● **DATA FOR ANALYSIS**:
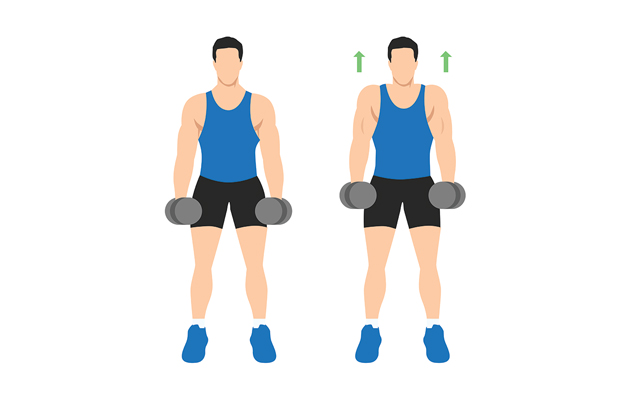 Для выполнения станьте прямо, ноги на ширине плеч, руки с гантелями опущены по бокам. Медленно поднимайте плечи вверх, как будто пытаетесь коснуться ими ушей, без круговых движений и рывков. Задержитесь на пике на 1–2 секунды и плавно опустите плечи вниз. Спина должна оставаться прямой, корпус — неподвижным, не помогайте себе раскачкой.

* * *

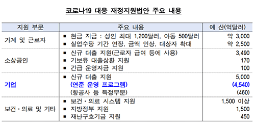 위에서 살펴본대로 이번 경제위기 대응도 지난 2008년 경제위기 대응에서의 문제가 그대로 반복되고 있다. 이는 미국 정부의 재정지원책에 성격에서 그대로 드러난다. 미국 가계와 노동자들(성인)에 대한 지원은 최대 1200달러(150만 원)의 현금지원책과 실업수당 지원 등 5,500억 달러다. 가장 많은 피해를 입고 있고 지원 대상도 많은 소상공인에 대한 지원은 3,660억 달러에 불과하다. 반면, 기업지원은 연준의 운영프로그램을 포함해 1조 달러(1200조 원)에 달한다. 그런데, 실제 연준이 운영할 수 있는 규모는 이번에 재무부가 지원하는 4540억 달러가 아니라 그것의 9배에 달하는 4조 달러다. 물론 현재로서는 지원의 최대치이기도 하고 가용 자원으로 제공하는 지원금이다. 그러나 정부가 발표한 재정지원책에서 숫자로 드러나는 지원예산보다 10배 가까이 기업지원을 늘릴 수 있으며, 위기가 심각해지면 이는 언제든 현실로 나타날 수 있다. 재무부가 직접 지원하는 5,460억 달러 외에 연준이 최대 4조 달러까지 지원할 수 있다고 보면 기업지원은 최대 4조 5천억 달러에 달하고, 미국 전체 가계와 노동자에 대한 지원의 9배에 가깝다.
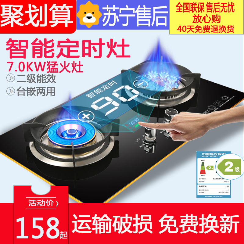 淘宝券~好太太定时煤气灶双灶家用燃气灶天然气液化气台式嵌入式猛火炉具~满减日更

---

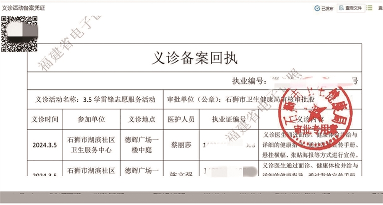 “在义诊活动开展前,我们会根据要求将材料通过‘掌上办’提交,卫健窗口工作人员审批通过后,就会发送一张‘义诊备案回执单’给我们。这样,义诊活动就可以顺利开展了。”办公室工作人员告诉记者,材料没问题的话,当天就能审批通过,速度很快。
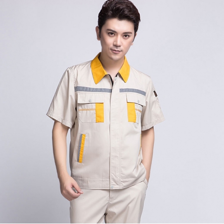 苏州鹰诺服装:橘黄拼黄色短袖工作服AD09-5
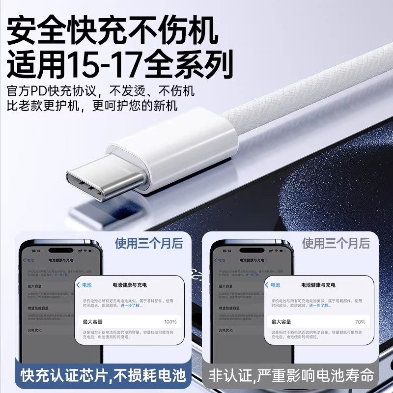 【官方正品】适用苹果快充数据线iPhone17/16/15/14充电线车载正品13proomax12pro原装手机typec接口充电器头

● **INSTRUCTIONS FOR THE TASK**: Out of the records above, please copy exactly the lines from the line with "위에서 살펴본대로 이번" up to and including the line with "淘宝券~好太太定时煤气灶双灶家用燃气灶天然气液化气台式嵌入式猛火炉具~满减日更", minus the pictures.

● **ANSWER BOX**:
 위에서 살펴본대로 이번 경제위기 대응도 지난 2008년 경제위기 대응에서의 문제가 그대로 반복되고 있다. 이는 미국 정부의 재정지원책에 성격에서 그대로 드러난다. 미국 가계와 노동자들(성인)에 대한 지원은 최대 1200달러(150만 원)의 현금지원책과 실업수당 지원 등 5,500억 달러다. 가장 많은 피해를 입고 있고 지원 대상도 많은 소상공인에 대한 지원은 3,660억 달러에 불과하다. 반면, 기업지원은 연준의 운영프로그램을 포함해 1조 달러(1200조 원)에 달한다. 그런데, 실제 연준이 운영할 수 있는 규모는 이번에 재무부가 지원하는 4540억 달러가 아니라 그것의 9배에 달하는 4조 달러다. 물론 현재로서는 지원의 최대치이기도 하고 가용 자원으로 제공하는 지원금이다. 그러나 정부가 발표한 재정지원책에서 숫자로 드러나는 지원예산보다 10배 가까이 기업지원을 늘릴 수 있으며, 위기가 심각해지면 이는 언제든 현실로 나타날 수 있다. 재무부가 직접 지원하는 5,460억 달러 외에 연준이 최대 4조 달러까지 지원할 수 있다고 보면 기업지원은 최대 4조 5천억 달러에 달하고, 미국 전체 가계와 노동자에 대한 지원의 9배에 가깝다.
 淘宝券~好太太定时煤气灶双灶家用燃气灶天然气液化气台式嵌入式猛火炉具~满减日更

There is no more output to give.